Safety Law News for October 1, 2021

— In Oregon, the United States District Court, ruled that the use of a taser by school resource officers was an excessive use of force.  The student, enrolled in a college preparatory charter school, was discovered in a vacant building near campus, by an SRO.  The officer called for backup to investigate after smelling a “very strong odor of marijuana.”  During the subsequent search and seizure, the second officer utilized three times a taser set on “drive-stun” mode for 5 seconds when the student failed to comply with instruction and started to walk away.  Applying the three-factor test of Graham v. Connor,( 490 U.S. 386 (1989)), the court ruled that the officers were not entitled to summary judgment or qualified immunity because (1) the use of a taser, even in drive-stun mode, is far from a trivial application of force; (2) the crimes at issue were not severe; (3) the student did not pose an immediate threat to the officers.

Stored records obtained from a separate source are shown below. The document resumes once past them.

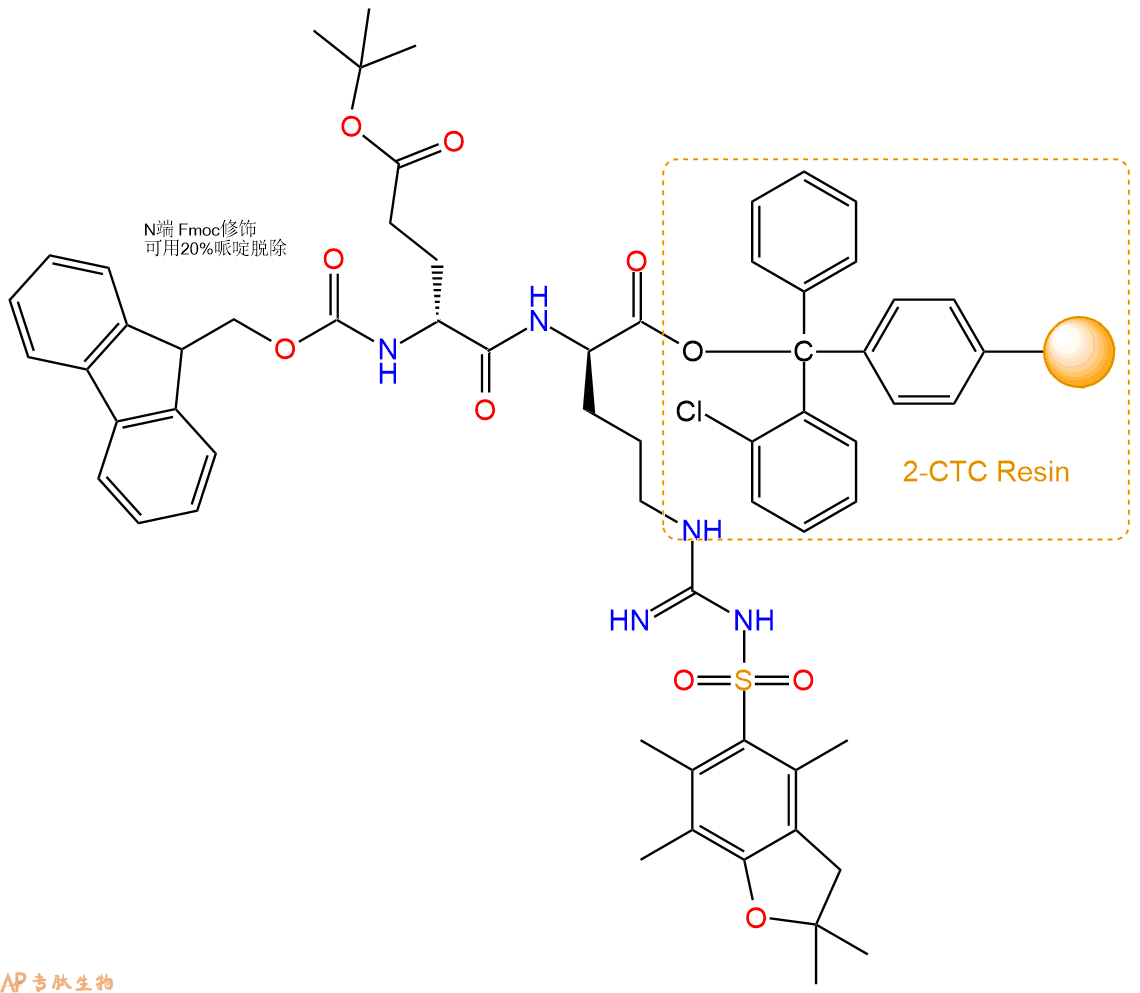1、合成CTC树脂:称取2.25g CTC Resin(如初始取代度约为0.4mmol/g)和1.08mmol Fmoc-DArg(Pbf)-OH于反应器中,加入适量DCM溶解氨基酸(需要注意,此时CTC树脂体积会增大好几倍,避免DCM溶液过少),再加入2.7mmol DIPEA(Mw:129.1,d:0.740g/ml),反应2-3小时后,可不抽滤溶液,直接加入1ml的HPLC级甲醇,封端半小时。依次用DMF洗涤2次,甲醇洗涤1次,DCM洗涤一次,甲醇洗涤一次,DCM洗涤一次,DMF洗涤2次(这里使用甲醇和DCM交替洗涤,是为了更好地去除其他溶质,有利于后续反应)。得到 Fmoc-DArg(Pbf)-CTC Resin。结构图如下:
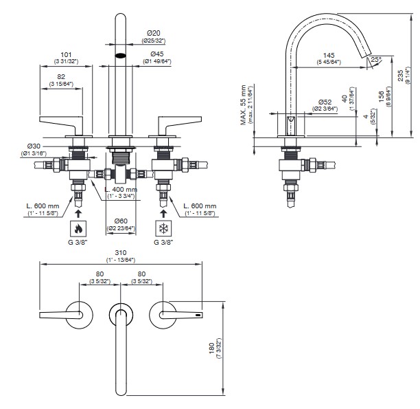 CEA Flag Bateria umywalkowa 3-otworowa z obrotową wylewką Satin Stainless Steel FLG04S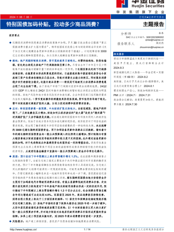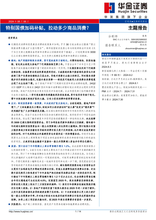 【华金证券】【20240806】特别国债加码补贴,拉动多少商品消费?-14页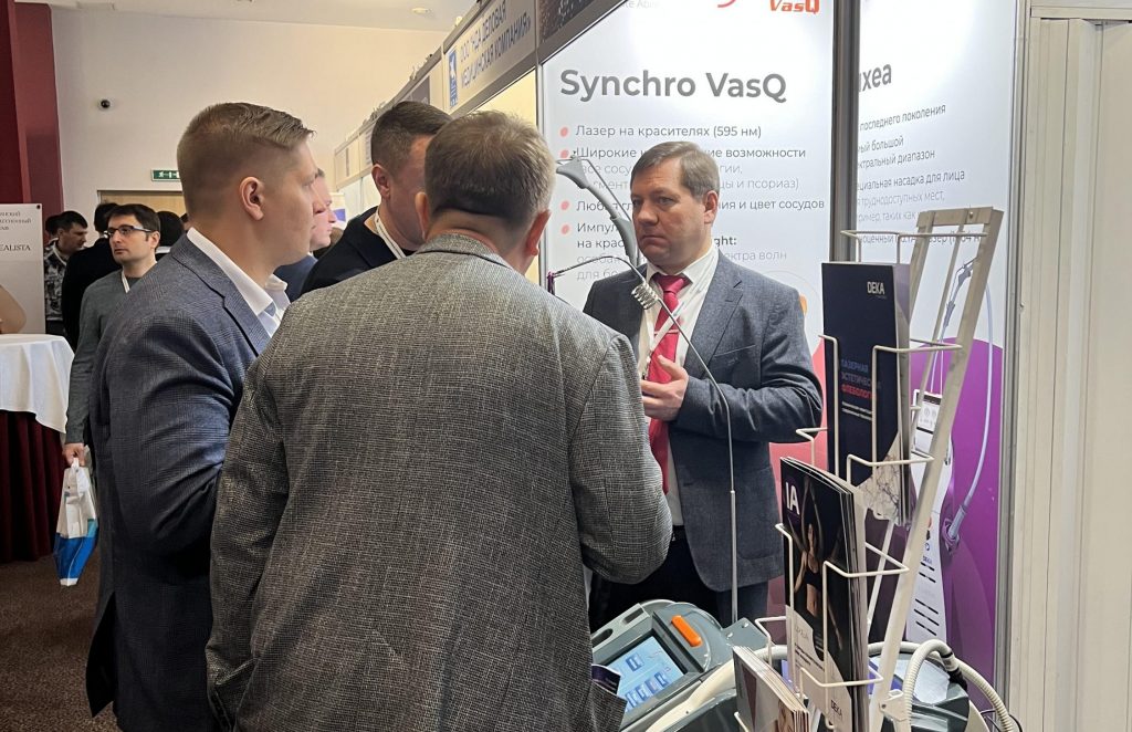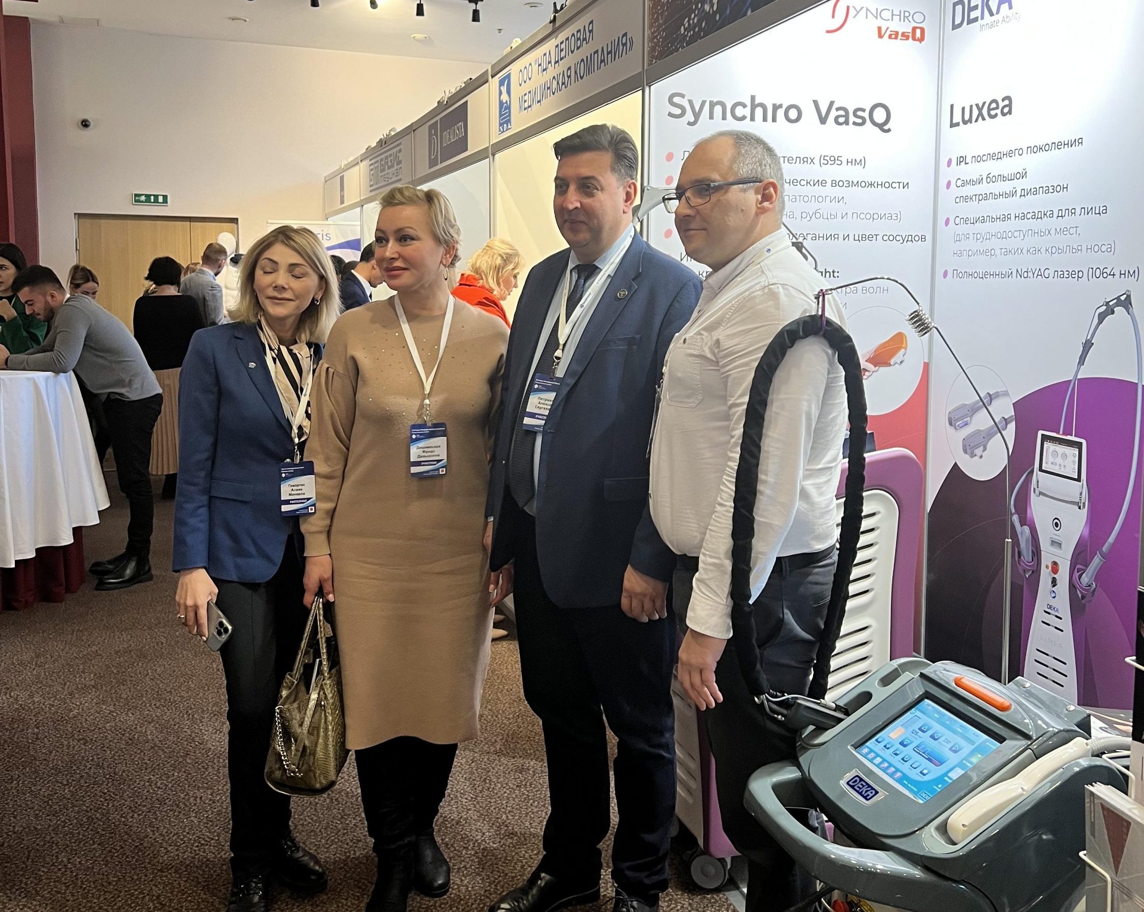 Во второй день работы форума был представлен доклад «Возможности и опыт применения неодимового длинноимпульсного лазера 1064 нм во флебологической практике». Своим опытом работы на аппарате Synchro FT поделился д.м.н., профессор Петриков Алескей Сергеевич, г. Барнаул. После доклада на стенде компании завязалась горячая дискуссия по практическим вопросам применения лазера, обсудили рабочие протоколы. После чего состоялось совместное фотографирование.
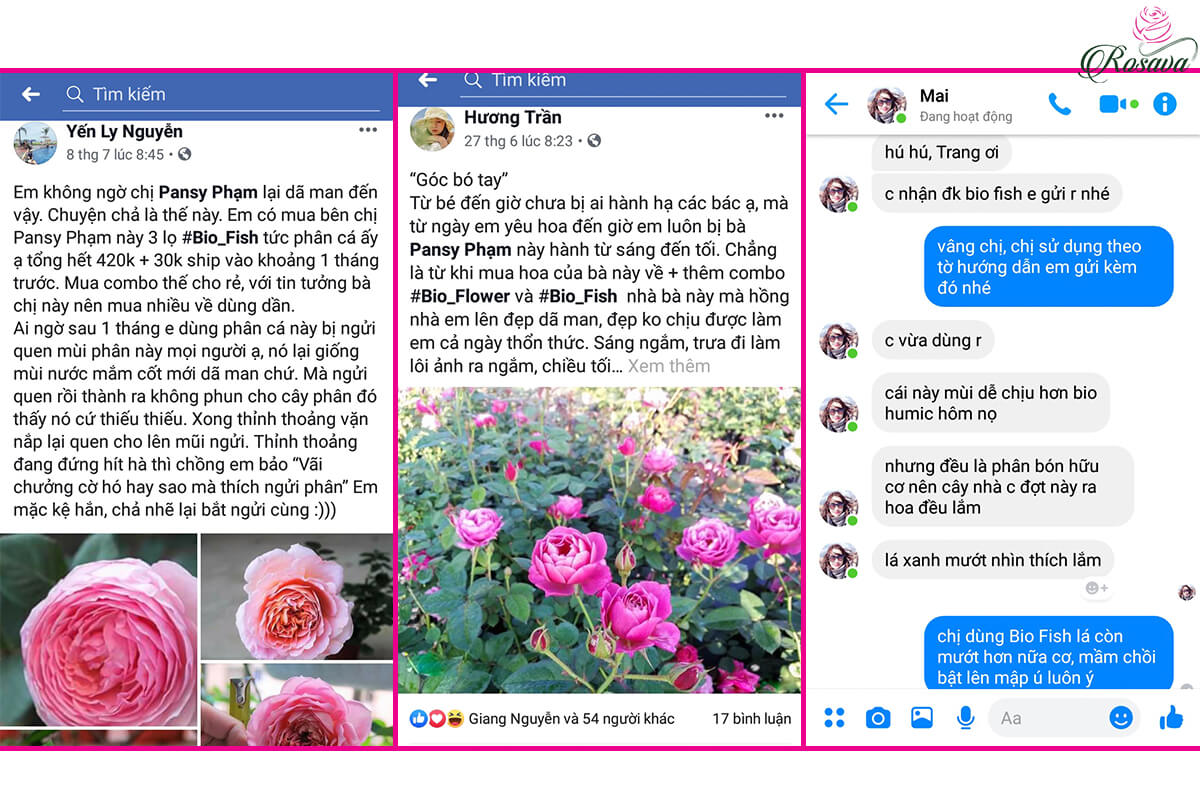 Khách hàng trả feedback về phân bón sinh học nuôi chồi bón lá cho hoa hồng Bio Fish

Michael Francisco  v. City of Redmond

— In Virginia, school resource officers in Prince William County will soon operate under a new set of rules regarding when students are subject to arrest for misbehaving in school.  The Prince William County Police Department and school division officials are in the process of revising the memorandum of understanding that dictates police officers’ role in school discipline matters.

The aim of the revisions is to ensure school resource officers do not arrest students for “minor offenses,” such as thefts, disorderly conduct and fighting.

— In Tennessee, parents in the Shelby County Schools district are pushing for more resource officers inside the schools after a shooting in a K-8 school.  Under current policy, there is one officer for each high school and middle school.  The elementary schools share one officer.
— In California, officials in Cathedral City voted to bring back school resource officers to high schools campuses.  The police were removed based on ambiguity about the role of police officers in maintaining discipline in the schools.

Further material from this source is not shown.